» Supplied material:
# # # # #

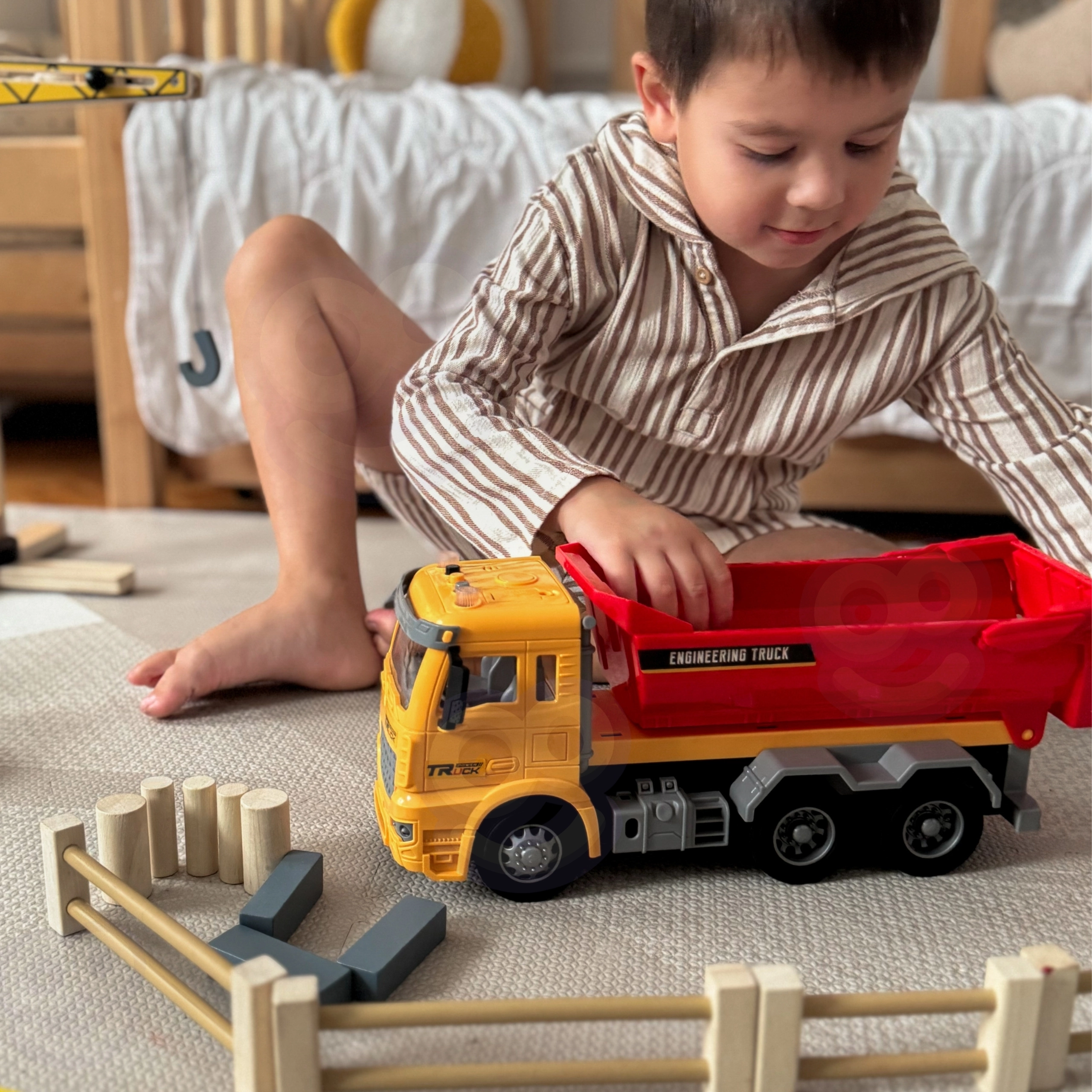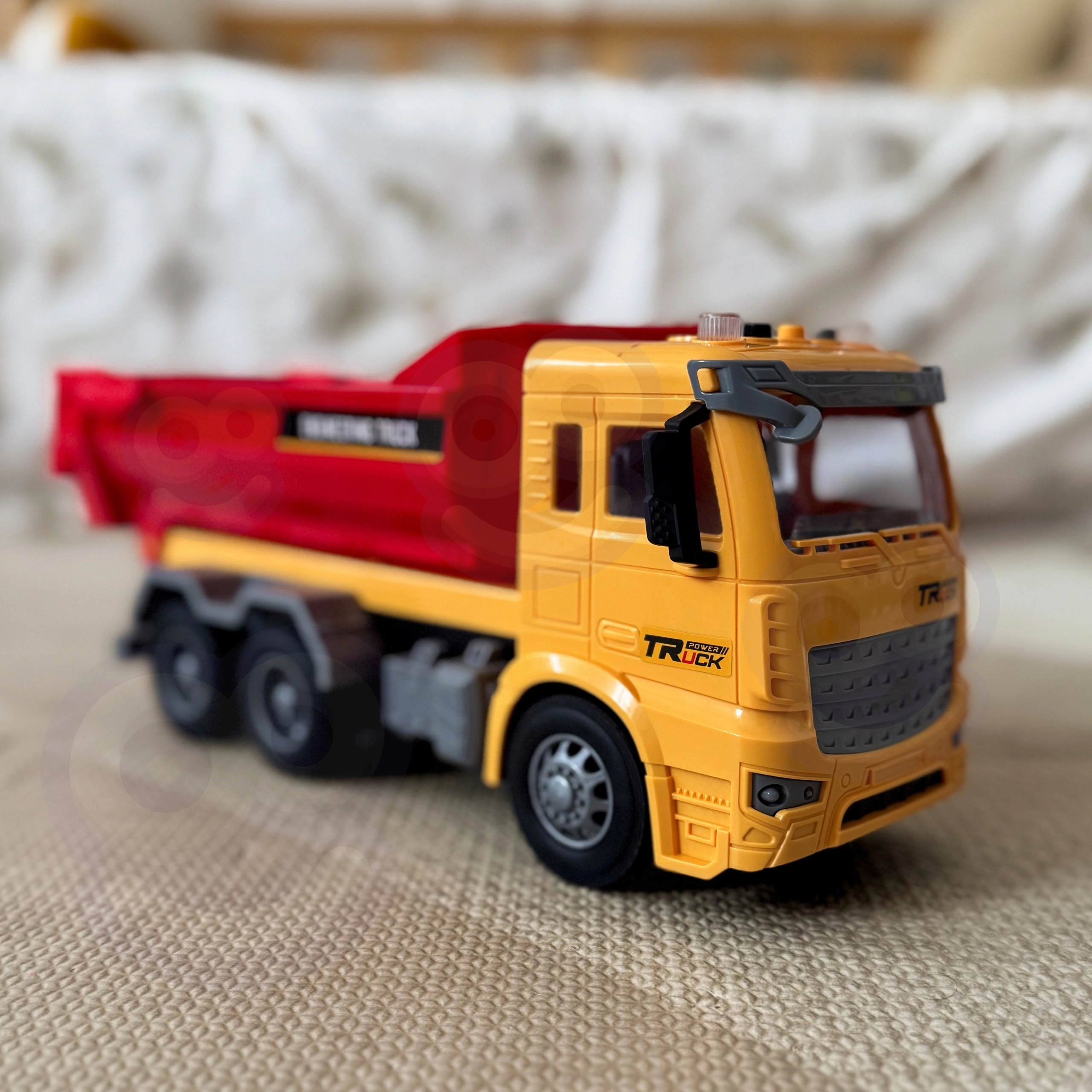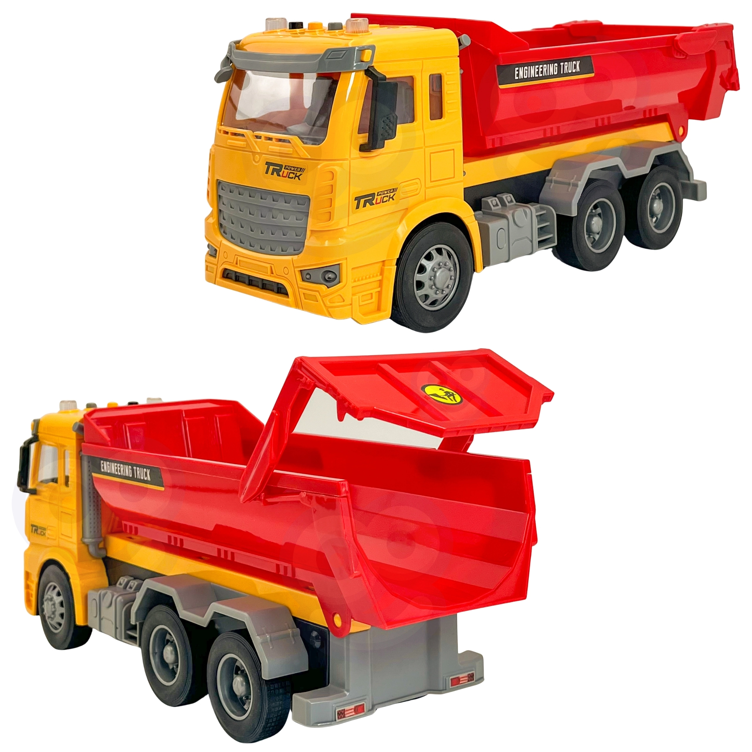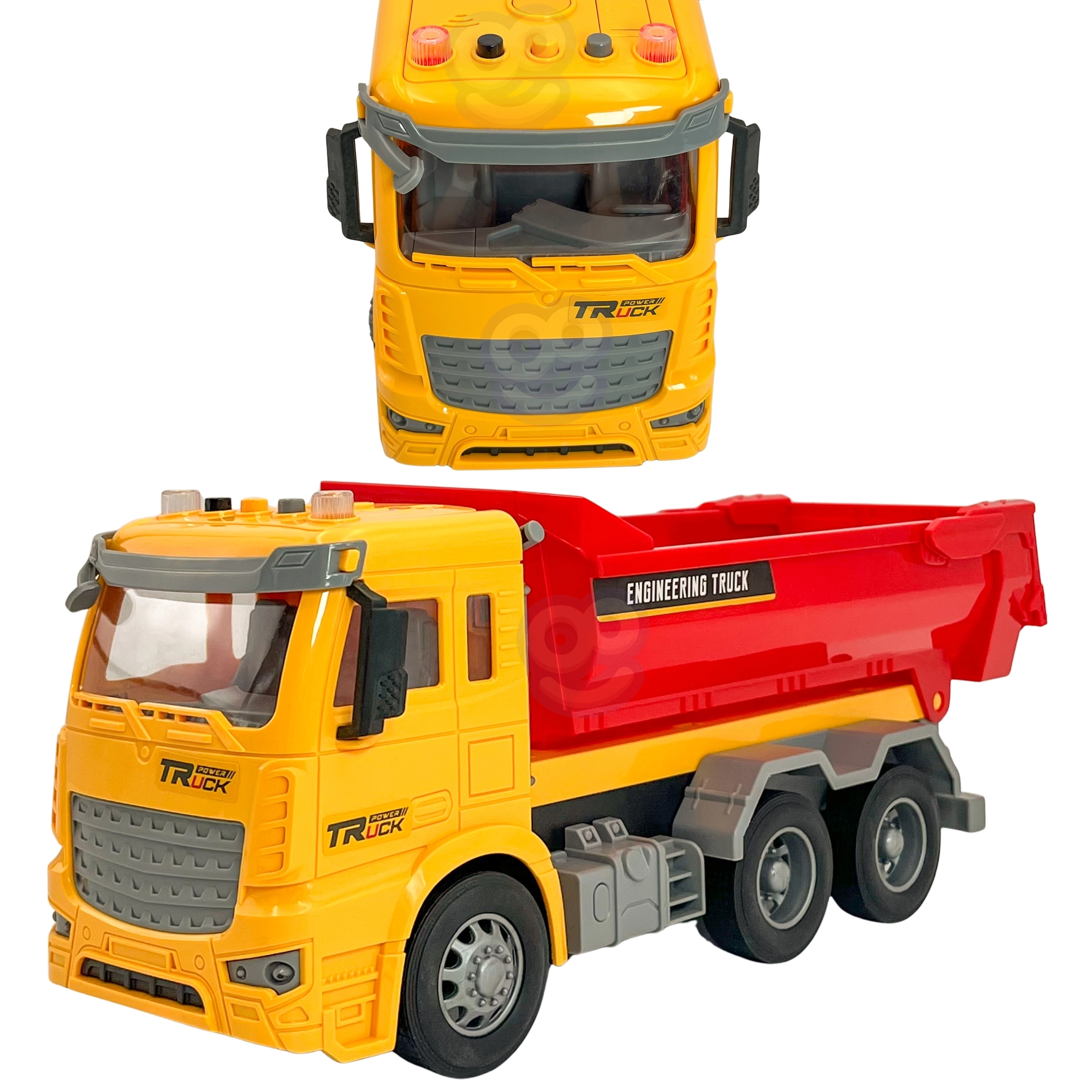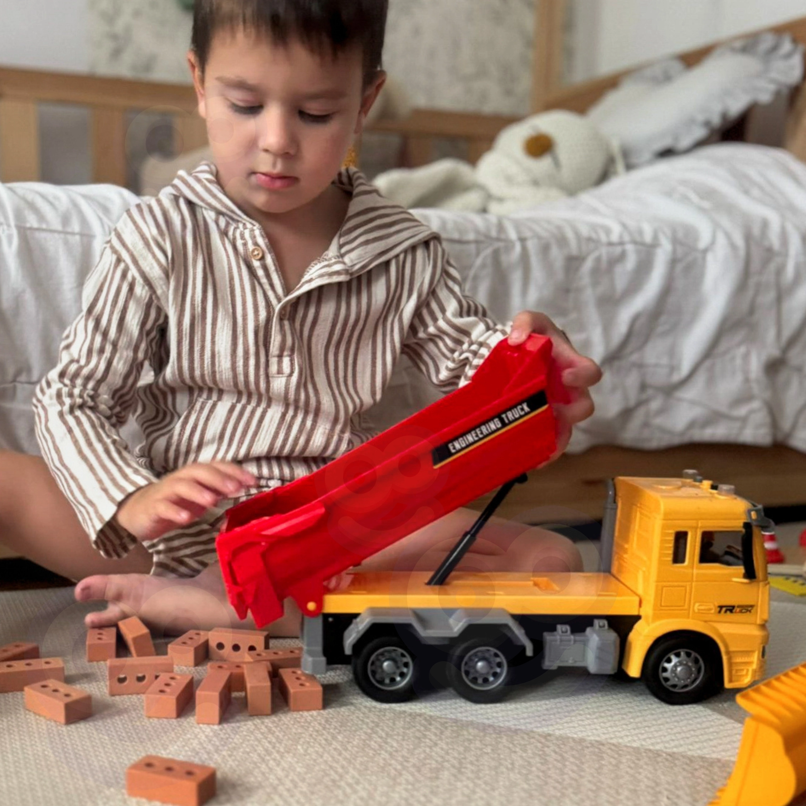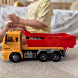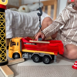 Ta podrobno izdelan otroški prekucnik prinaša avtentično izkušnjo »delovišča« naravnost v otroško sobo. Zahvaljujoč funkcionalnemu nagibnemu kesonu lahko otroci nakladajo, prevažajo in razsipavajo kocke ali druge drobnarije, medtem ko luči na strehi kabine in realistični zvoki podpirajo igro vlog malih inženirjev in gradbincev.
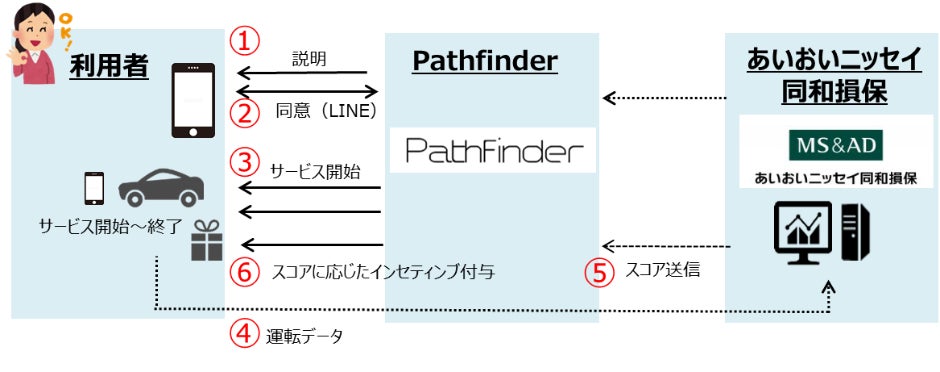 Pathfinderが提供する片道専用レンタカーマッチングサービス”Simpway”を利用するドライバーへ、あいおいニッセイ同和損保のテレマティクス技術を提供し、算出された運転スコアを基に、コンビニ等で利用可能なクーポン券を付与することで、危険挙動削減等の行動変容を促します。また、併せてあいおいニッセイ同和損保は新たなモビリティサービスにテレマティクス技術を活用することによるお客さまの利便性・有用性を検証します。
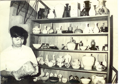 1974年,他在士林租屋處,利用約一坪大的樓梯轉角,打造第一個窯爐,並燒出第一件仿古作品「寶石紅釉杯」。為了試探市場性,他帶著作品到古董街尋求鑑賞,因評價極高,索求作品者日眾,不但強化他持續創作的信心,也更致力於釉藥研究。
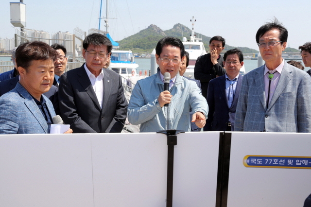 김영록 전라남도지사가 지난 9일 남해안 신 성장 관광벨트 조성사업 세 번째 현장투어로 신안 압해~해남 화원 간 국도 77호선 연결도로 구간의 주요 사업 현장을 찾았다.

# # # # #

» Required work:
The data above is to be printed exactly, all of it, except for the pictures.

» Output below:
 Ta podrobno izdelan otroški prekucnik prinaša avtentično izkušnjo »delovišča« naravnost v otroško sobo. Zahvaljujoč funkcionalnemu nagibnemu kesonu lahko otroci nakladajo, prevažajo in razsipavajo kocke ali druge drobnarije, medtem ko luči na strehi kabine in realistični zvoki podpirajo igro vlog malih inženirjev in gradbincev.
 Pathfinderが提供する片道専用レンタカーマッチングサービス”Simpway”を利用するドライバーへ、あいおいニッセイ同和損保のテレマティクス技術を提供し、算出された運転スコアを基に、コンビニ等で利用可能なクーポン券を付与することで、危険挙動削減等の行動変容を促します。また、併せてあいおいニッセイ同和損保は新たなモビリティサービスにテレマティクス技術を活用することによるお客さまの利便性・有用性を検証します。
 1974年,他在士林租屋處,利用約一坪大的樓梯轉角,打造第一個窯爐,並燒出第一件仿古作品「寶石紅釉杯」。為了試探市場性,他帶著作品到古董街尋求鑑賞,因評價極高,索求作品者日眾,不但強化他持續創作的信心,也更致力於釉藥研究。
 김영록 전라남도지사가 지난 9일 남해안 신 성장 관광벨트 조성사업 세 번째 현장투어로 신안 압해~해남 화원 간 국도 77호선 연결도로 구간의 주요 사업 현장을 찾았다.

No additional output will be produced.